When I started my job I was a GS-5 step 10. That’s great pay just coming out of college. I was happy. But then I found out that some of my colleagues that walked in the door with me were GS-7’s step 10. The other GS-5’s didn’t understand why we started lower to do the same exact job. We all just graduated college what makes one of us different from the other? We all did our talking to each other and decided that maybe it was our grade point averages. We all hesitantly decided that had to be the reason and let it go. To date I have never seen any official policy that says to hire people with lower GPAs at lower ranking. To give a little context, there was a guy with years of experience and a Ph.D that started as a GS-7. It was a pay cut from where he was but he accepted the job because his wife had a job at the same place.

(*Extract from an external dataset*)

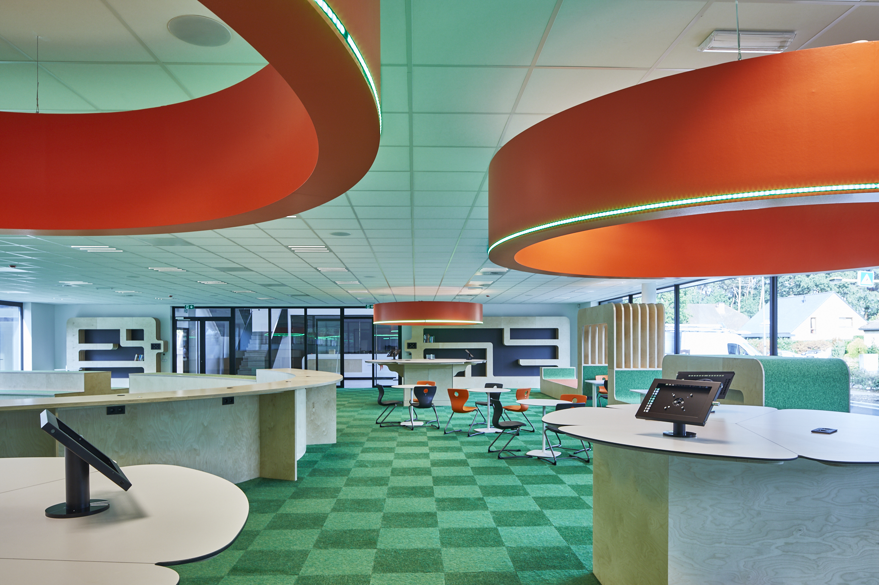 De belangrijkste uitdaging vond Deusjevoo in het voldoen aan de wensen van de zeer diverse doelgroepen. Leerlingen van 12 jaar tot en met 18 jaar, leerkrachten, directie, raad van bestuur, ouders,… “Het is een project waarbij we dan ook alle doelgroepen hebben betrokken door hen online te bevragen naar hun wensen en noden”, klinkt het bij Deusejvoo. “De resultaten van het onderzoek brachten aan het licht dat de drie doelgroepen veel belang hechten aan communicatie, optimaal samenwerken, een goede concentratie en recuperatie van de leerlingen en de leerkrachten. Met deze informatie ging het team aan de slag en dat resulteerde in een revolutionaire schoolomgeving waarbinnen elk jeugdig talent zich maximaal kan ontwikkelen.”

Despite the starting pay confusion, I was comforted that while I started low, I would be able to promote quickly. There was a promotion plan in place that goes like this:

  • GS-5 - 6 months

  • GS-7 - 1 year

  • GS-9 - 1 year

  • GS-11 - 1 year

  • GS-12, fully trained engineer

In as little as 3 and a half years I would be a fully qualified GS-12 engineer. Anything under GS-12 is training status and anything over GS-12 is supervisory. But what did that mean for people that started as GS-7?

  • GS-7 - 6 months

  • GS-9 - 1 year

  • GS-11 - 1 year

  • GS-12, fully trained engineer

So for nothing more than having a better GPA (we guessed) they had a whole year off of the promotion plan. That one extra year isn’t actually an extra year of training. I’ve been working here for 7 years - there is no extra training and when you start work GS-5’s are expected to do the same exact work as GS-7’s. The inequality started in the beginning.

It goes without saying that a ton of people left in the first year of work. They mostly left to go to the private sector for better pay or to be close to home. I thought about my options but my job is in the middle of all my family and the community I was raised in. I didn’t want to leave. And it was really my fault for not finding out about the pay thing before I got the job right? I was just grateful to have a job in this economy. I’m not going to bite the hand that fed me. I stayed.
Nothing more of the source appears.